In any event, after the background-subtracted image has been generated, the next step often is to predict the classification of the object(s), e.g., person, animal, car, tree, etc., in the image. Techniques for classifying an object in a video sequence rely on information that can readily be gathered from the image or sequence of images (e.g., a sequence of frames of a digital video) such as color, color continuity, size (e.g., number of pixels), motion, direction of motion, speed of motion, shape, etc.

After the objects have been classified, techniques and algorithms are used to study one or a plurality of consecutive frames of the background-subtracted images in order to predict what events are occurring in the images and generate a digital model of the scene (e.g., classes of objects in the scene, positions of the objects, the proportions of the objects, etc.). Although certainly not required, a virtual image or set of images based on the model may be generated to help individuals visualize the model. Again, many such scene modeling techniques are known. In such techniques, there may be thousands of potential virtual models that the algorithm starts with as potential candidates, but then, based on the algorithm, whittles that down to a single or a small number of most likely models. Merely as one example, a particle filtering algorithm (Sequential Monte Carlo method) can be used to replicate the scene models into a next generation, with each scene model having a probability value indicating the likelihood that the scene model matches the actual scene.

In the process of whittling down the multiple potential models to the one that is most likely an accurate representation of the events occurring in the original video input stream, algorithms are used to estimate how accurate any particular potential model may be. There are any number of different types of algorithms known in the prior art. In one technique, each pixel in the background-subtracted image is compared with each pixel in the corresponding frame of each of the potential corresponding virtual scenes. In other techniques, the edges or colors of objects can be compared. Yet other techniques may employ combinations of the aforementioned techniques. Even further, it is possible to compare pixels, edges and/or colors of only the modeled objects rather than the entire scene.

Merely as one simple example, if a given pixel in the background-subtracted image that is designated as a background pixel is also designated as a background pixel in the corresponding virtual scene image, it is assigned a penalty of zero. Likewise, if a given pixel in the background-subtracted image that is designated as a foreground pixel is also designated as a foreground pixel in the corresponding virtual scene image, it is assigned a penalty of zero. On the other hand, if a given pixel in the background-subtracted image is designated as a background pixel, but the corresponding pixel in the particular virtual scene image is designated as a foreground pixel, a penalty is assigned to that pixel. Likewise, if a given pixel in the background-subtracted image is designated as a foreground pixel, but the corresponding pixel in the particular virtual scene image is designated as a background pixel, a penalty is assigned to that pixel.

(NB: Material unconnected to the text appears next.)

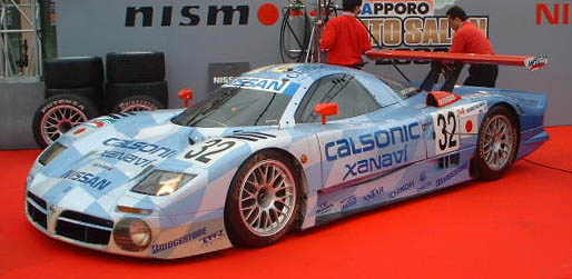 Nissan R390: Runner-up at the 1998 24 Hours of Le Mans, also the same stunner that was featured in Gran Turismos 3 and 4

An overall model likelihood value is thereafter assigned to each of the potential virtual scene images. This model likelihood value may be a relatively simple function of the sum of all of the penalty values assigned to the pixels. Alternately, it model likelihood function may be a rather complex algorithm.

In one simple example, after the model likelihood values assigned to all of the potential virtual scene images corresponding to a given background-subtracted-image are calculated, the model with the highest model likelihood value is taken as representing the events occurring in the original video image.

It is desired to improve the accuracy of these techniques for predicting the events occurring in video image streams.

Accordingly, it is an object of the present invention to provide an improved method and technique for predicting the events occurring in a video image.

It is another object of the present invention to provide a technique for robust computation of model likelihood in the presence of uncertainty in an input video signal (e.g., noise, unreliability).

SUMMARY OF THE INVENTION

In accordance with the principles of the invention, when modeling an object in a visual input image, a model likelihood function for selecting a predicted model that most accurately represents the actual scene based on the input data is moderated as a function of the portion of the object so as to less penalize regions of the model that tend to be more noisy. For instance, background subtraction algorithms often do not accurately interpret shadows of objects because the characteristics of shadows depend on so many factors, such as cloudiness, angle of the sun's rays, topography of the background upon which the shadow is cast, etc. Legs are more difficult to correctly identify than head and shoulders. Accordingly, the model likelihood function applied to a predicted shadow region or leg region of the model will be moderated so as to discount differences between the model and the input image with respect to such noisy regions relative to other, more reliably predictable (less noisy) regions of the image. A model likelihood function additionally or alternately may be moderated as a function of the object classification in situations where it is known that certain object classifications are more reliable than others.

BRIEF DESCRIPTION OF THE DRAWINGS

FIG. 1 is a diagram illustrating a frame of a video input stream obtained from a surveillance camera.

FIG. 2 is a diagram illustrating a background-subtracted image corresponding to the image of FIG. 1.

FIG. 3 is a block diagram illustrating a processor within which the present invention may be implemented.

FIG. 4 is an image from a virtual scene generated as a prediction of the events occurring in the input video stream from which FIGS. 1 and 2 are taken and corresponding to the same frame as FIGS. 1 and 2.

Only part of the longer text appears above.